Cornelia Schulz – Piece A Cake / Cornelia Schulz – Piece A Cake

Work

Cornelia Schulz / Piece A Cake #9 / oil on canvas mounted on wood / 2015 / 8 x 5.5 x 5.75 inches

Cornelia Schulz / Piece A Cake #10 / oil on canvas mounted on wood / 2015 / 8.25 x 6 x 5.5 inches

Cornelia Schulz / Piece A Cake #7 / oil on canvas mounted on wood / 2015 / 8.25 x 5.25 x 6 inches

Press Release

Cornelia Schulz

Piece A Cake

Exhibition Dates: March 14 – April 26 

 

For over 46 years, Cornelia Schulz has honed her skills in abstract paintings of complex shape and color. Comprising a complex juncture of form, her oil paintings are thoughtfully gestural. Offering an elaborate visual puzzle, her current series of small sculptural paintings, Piece A Cake, proves to be her most seductive and interesting investigation yet. These constructed sculptures are fascinating distillations of intent and incident. Utilizing copious impasto paint, her knife slices, swings and swirls the oil into a complex mix of vibrant color, gestural oppositions and hair raising improbabilities. While seemingly wild and untamed, upon examination the form speaks of tempo and harmony only a master painter can impart. When viewing these small jewels keep their size in mind, the largest only reaching a towering height of 9 inches with widths and depths no more than 6 inches.
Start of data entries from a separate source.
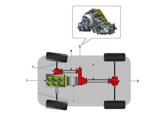 2. Трансмиссия 3. Задний дифференциал 4. Задний карданный вал |
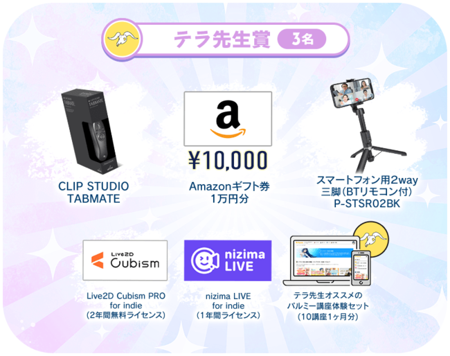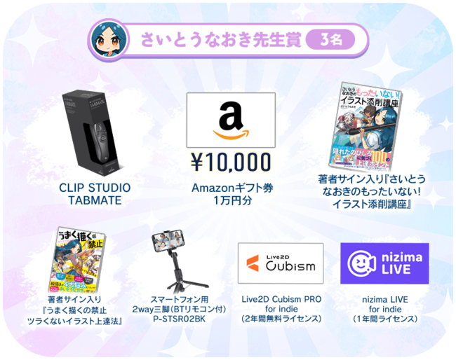 また、メインビジュアルの制作を担当した、イラストレーター・ユーチューバーのさいとうなおき先生と、イラストレーターのテラ先生を審査員に迎え、受賞者には豪華賞品をご用意しました。
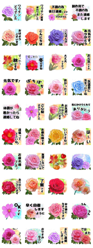 バラなどのお花とシンプルな会話とやさしい気遣いの敬語、挨拶。大人女子がずっと使える感謝の言葉。コロナや、風邪で体調不良でもすぐ簡単にお返事が返せます。ことぶき より発売
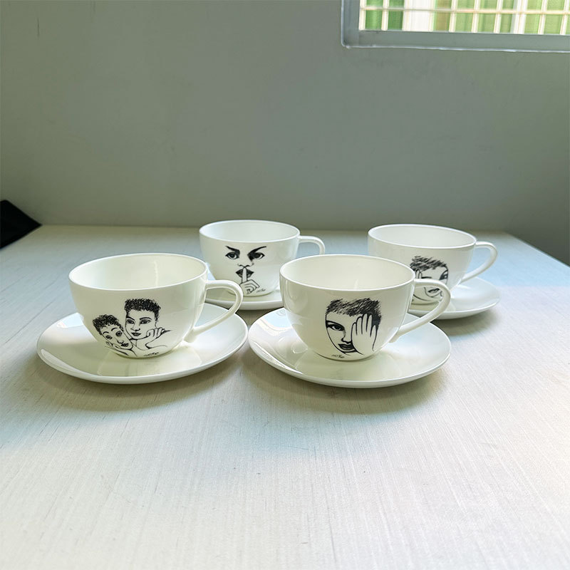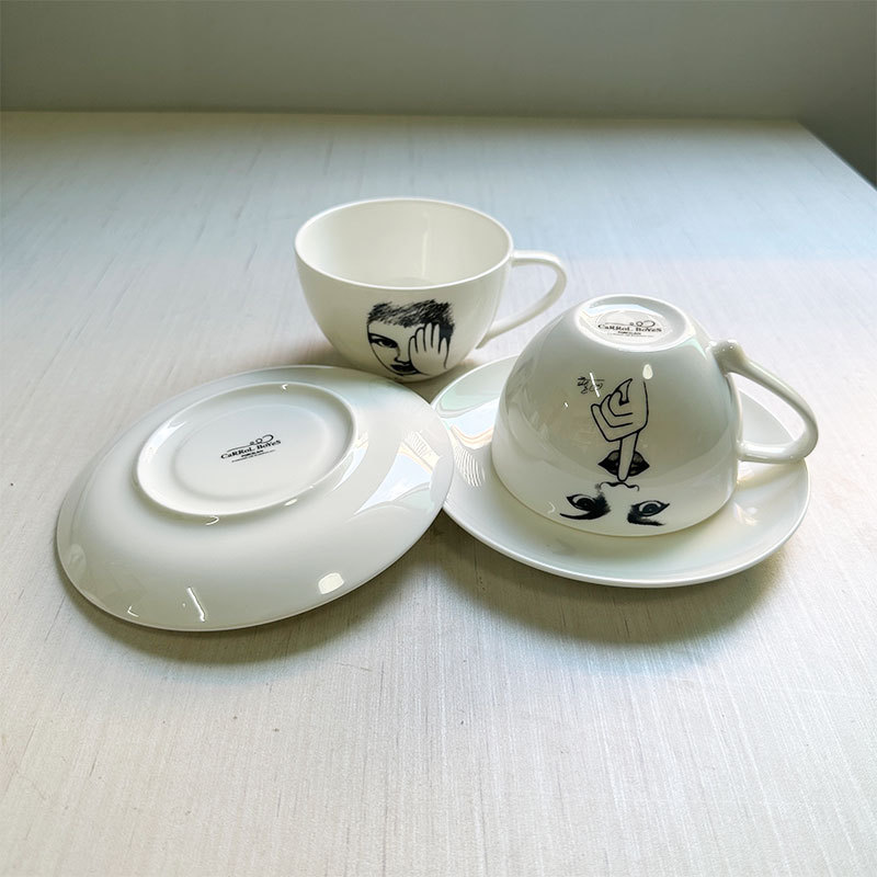 Carrol Boyes, an abstract figure from South Africa, is used in home and office settings. He has water cups, teacups, coffee cups, saucers, and creative dessert plates.
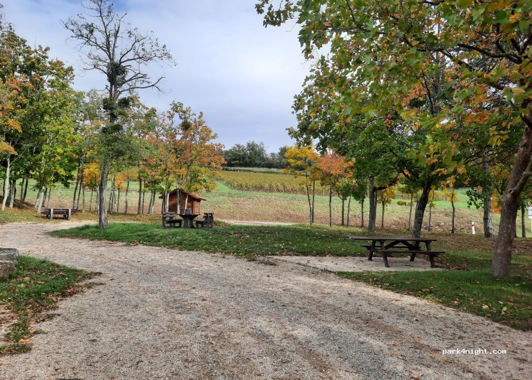 4 tables, 3 poubelles, ombragées parfais pour la pose de midi toutefois bruit de fond autoroute et ligne TGV
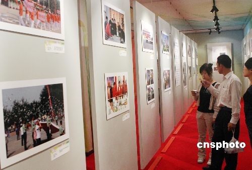 圖為大紅門發(fā)展成就圖片展吸引參觀者。中新社發(fā) 錢興強(qiáng) 攝
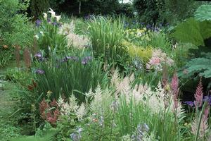 Smooth lawn or paving emphasises the flat stillness of water; blue flowers pick up its reflected sky-colour. Subtle repetition creates a rhythm that relaxes the eye and hold the design together.

Kenneth Baker, who has reviewed every Cornelia Schulz since the 1990’s comments, “For some years, Schulz’s art seemed to build and comment on the project of activating paintings’ perimeters that connects Barnett Newman (1905-1970), Ellsworth Kelly, Frank Stella and Elizabeth Murray (1940-2007), among others. Like those predecessors, Schulz treated the outer contours of a painting as a troubled boundary between what she could control and the uncontrollable, between domains of intended meaning and of misreading and chance.”

Cornelia Schulz is included in national and international collections. In 2002, Schulz retired from the University of California, Davis, where she taught for 30 years and twice chaired the Fine Art Department.